Exercise: Each line from the beginning of the entries below through the line that includes "San Quintín.- Elementos" must be returned exactly as given.

[Records drawn from a dataset]
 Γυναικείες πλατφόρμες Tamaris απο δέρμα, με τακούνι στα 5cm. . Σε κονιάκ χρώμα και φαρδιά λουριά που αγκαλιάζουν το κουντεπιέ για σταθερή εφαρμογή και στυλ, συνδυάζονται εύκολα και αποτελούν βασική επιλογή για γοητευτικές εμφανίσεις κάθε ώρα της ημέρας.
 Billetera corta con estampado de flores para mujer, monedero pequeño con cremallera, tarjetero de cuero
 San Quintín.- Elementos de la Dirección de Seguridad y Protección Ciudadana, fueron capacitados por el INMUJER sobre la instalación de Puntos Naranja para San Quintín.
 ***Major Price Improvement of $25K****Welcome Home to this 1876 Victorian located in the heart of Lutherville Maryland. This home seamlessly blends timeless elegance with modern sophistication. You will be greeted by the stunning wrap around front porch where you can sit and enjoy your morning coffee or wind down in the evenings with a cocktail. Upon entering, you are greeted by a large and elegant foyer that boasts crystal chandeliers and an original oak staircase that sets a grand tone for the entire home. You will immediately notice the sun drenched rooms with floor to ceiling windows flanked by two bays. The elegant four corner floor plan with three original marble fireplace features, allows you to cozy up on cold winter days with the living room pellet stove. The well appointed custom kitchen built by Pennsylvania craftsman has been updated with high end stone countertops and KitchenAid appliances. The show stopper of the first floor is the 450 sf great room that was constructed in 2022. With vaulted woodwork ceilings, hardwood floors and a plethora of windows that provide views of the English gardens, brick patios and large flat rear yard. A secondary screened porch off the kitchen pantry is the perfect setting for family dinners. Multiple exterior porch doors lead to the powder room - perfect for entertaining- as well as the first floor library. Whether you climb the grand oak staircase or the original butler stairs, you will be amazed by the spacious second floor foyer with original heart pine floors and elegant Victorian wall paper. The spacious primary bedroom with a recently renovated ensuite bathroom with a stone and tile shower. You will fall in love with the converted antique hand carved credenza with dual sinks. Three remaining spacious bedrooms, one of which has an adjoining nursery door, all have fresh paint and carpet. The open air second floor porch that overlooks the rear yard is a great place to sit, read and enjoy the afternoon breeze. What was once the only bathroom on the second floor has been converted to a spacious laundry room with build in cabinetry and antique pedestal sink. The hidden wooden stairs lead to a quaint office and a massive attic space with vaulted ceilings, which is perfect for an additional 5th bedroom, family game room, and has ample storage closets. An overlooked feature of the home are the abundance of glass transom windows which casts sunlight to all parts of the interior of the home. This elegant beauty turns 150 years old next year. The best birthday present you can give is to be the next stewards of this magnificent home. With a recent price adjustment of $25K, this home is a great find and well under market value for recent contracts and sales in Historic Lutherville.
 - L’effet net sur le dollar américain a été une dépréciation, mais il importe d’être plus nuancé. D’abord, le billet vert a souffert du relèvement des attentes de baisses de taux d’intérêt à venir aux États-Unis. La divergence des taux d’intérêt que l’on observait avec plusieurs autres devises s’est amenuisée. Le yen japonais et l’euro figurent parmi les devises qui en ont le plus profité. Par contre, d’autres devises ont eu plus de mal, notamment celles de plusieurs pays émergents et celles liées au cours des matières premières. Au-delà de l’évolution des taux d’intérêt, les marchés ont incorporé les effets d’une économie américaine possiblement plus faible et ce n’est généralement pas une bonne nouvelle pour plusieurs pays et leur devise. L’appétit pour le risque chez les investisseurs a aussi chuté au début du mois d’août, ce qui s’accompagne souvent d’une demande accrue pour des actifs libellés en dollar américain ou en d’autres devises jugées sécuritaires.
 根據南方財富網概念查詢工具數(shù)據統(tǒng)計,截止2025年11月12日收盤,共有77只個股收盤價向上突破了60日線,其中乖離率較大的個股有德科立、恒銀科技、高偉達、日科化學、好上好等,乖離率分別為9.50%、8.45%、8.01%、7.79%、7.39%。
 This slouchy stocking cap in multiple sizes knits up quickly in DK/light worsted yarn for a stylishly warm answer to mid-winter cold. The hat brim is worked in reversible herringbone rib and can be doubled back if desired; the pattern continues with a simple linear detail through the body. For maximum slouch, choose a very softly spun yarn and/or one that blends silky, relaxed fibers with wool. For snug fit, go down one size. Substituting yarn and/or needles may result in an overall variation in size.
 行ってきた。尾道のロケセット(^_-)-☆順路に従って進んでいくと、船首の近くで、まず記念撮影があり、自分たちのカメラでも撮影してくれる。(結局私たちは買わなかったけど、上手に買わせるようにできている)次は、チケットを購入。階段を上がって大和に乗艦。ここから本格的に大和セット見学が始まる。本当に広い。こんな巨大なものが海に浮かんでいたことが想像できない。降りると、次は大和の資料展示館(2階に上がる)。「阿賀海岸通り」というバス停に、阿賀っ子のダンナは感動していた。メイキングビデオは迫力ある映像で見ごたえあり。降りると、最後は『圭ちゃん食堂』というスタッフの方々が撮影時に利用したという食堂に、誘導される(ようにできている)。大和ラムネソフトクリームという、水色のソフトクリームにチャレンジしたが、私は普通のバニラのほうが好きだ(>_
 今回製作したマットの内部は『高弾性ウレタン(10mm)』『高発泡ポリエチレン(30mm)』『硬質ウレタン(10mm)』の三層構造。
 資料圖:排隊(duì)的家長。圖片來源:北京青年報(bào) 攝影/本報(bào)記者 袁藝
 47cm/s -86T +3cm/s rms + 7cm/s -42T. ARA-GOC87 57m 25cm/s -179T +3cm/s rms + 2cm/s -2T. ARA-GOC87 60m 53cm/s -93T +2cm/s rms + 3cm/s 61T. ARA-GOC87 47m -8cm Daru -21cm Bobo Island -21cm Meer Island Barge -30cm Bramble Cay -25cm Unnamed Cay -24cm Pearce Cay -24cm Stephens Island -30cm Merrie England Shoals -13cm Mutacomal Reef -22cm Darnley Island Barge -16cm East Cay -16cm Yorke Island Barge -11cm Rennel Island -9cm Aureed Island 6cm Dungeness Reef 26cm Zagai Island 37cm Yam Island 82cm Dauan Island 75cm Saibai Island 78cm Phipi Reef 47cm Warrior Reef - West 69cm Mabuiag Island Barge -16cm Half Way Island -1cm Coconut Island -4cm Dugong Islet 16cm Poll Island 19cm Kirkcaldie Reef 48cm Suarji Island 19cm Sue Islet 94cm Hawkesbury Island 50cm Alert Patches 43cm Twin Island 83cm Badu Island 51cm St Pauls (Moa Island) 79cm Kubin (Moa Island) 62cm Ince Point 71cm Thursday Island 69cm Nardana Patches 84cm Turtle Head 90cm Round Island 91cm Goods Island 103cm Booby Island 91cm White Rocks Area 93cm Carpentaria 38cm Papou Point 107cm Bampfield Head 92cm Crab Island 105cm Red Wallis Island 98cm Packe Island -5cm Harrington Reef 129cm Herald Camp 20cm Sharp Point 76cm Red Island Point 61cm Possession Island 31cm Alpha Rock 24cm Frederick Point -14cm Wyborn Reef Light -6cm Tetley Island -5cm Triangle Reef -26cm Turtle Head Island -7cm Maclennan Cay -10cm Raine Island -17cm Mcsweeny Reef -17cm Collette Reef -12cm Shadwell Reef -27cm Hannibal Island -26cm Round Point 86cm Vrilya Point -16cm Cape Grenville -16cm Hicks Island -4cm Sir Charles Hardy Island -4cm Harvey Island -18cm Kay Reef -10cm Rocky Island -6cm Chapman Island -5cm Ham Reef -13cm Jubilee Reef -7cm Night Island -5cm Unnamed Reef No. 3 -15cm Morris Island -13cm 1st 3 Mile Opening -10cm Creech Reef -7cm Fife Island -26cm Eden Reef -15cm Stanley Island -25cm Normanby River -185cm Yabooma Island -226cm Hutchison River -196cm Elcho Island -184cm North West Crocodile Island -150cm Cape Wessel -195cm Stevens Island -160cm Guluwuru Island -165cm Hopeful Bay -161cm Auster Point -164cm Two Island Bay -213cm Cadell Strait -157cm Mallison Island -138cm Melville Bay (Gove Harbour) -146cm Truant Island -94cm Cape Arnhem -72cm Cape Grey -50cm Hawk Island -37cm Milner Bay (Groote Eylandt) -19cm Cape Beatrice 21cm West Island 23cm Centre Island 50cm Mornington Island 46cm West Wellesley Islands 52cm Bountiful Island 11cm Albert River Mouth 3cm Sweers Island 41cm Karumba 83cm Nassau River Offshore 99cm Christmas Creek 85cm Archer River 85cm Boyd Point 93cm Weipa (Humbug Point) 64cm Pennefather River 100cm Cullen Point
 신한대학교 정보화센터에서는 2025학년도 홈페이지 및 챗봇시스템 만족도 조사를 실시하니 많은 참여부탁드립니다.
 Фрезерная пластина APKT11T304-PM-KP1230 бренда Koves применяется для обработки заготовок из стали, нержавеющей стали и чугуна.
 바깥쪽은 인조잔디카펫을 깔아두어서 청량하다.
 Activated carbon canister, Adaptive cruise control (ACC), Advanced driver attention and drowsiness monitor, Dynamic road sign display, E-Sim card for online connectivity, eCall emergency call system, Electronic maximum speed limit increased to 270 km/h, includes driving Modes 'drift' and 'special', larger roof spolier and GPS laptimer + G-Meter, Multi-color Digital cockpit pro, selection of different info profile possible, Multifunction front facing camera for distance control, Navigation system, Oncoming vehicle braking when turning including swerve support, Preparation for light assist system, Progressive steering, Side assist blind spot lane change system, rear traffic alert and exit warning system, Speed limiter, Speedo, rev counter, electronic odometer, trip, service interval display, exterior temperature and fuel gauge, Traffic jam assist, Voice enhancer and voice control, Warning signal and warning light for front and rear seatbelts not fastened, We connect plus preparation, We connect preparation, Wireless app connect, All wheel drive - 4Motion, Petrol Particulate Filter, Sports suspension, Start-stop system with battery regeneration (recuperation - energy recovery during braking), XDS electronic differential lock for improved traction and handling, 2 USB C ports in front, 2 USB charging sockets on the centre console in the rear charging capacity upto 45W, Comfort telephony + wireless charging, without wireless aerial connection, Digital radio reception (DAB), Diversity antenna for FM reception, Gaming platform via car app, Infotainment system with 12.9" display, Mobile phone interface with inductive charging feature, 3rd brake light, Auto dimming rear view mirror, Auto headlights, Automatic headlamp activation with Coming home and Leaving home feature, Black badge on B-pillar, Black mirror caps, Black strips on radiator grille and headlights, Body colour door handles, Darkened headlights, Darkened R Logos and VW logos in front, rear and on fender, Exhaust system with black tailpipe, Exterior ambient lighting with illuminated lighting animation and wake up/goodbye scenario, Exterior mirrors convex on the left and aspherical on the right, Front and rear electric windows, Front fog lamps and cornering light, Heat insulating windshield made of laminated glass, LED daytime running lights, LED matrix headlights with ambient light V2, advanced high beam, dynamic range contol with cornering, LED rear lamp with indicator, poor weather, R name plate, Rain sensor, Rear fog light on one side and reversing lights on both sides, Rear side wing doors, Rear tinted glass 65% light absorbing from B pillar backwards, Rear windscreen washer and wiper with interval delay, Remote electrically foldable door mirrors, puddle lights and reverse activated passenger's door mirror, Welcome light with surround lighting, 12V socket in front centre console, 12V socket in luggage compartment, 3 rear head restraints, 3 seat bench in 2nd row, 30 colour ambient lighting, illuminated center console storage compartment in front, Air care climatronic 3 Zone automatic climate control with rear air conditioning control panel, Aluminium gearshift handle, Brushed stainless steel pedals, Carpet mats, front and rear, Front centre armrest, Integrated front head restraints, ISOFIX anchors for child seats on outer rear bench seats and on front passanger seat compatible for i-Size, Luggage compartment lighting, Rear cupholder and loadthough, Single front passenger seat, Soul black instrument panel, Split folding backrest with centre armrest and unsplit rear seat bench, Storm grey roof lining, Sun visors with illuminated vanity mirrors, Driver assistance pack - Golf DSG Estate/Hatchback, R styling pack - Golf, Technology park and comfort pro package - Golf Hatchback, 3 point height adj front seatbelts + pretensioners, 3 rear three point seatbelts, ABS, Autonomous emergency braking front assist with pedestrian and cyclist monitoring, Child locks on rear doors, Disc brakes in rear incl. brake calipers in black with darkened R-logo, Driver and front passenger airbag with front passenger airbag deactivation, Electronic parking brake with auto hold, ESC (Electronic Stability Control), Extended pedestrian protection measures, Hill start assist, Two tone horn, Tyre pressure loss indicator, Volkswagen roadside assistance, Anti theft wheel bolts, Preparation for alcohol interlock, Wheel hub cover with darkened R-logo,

Output of the task:
 Γυναικείες πλατφόρμες Tamaris απο δέρμα, με τακούνι στα 5cm. . Σε κονιάκ χρώμα και φαρδιά λουριά που αγκαλιάζουν το κουντεπιέ για σταθερή εφαρμογή και στυλ, συνδυάζονται εύκολα και αποτελούν βασική επιλογή για γοητευτικές εμφανίσεις κάθε ώρα της ημέρας.
 Billetera corta con estampado de flores para mujer, monedero pequeño con cremallera, tarjetero de cuero
 San Quintín.- Elementos de la Dirección de Seguridad y Protección Ciudadana, fueron capacitados por el INMUJER sobre la instalación de Puntos Naranja para San Quintín.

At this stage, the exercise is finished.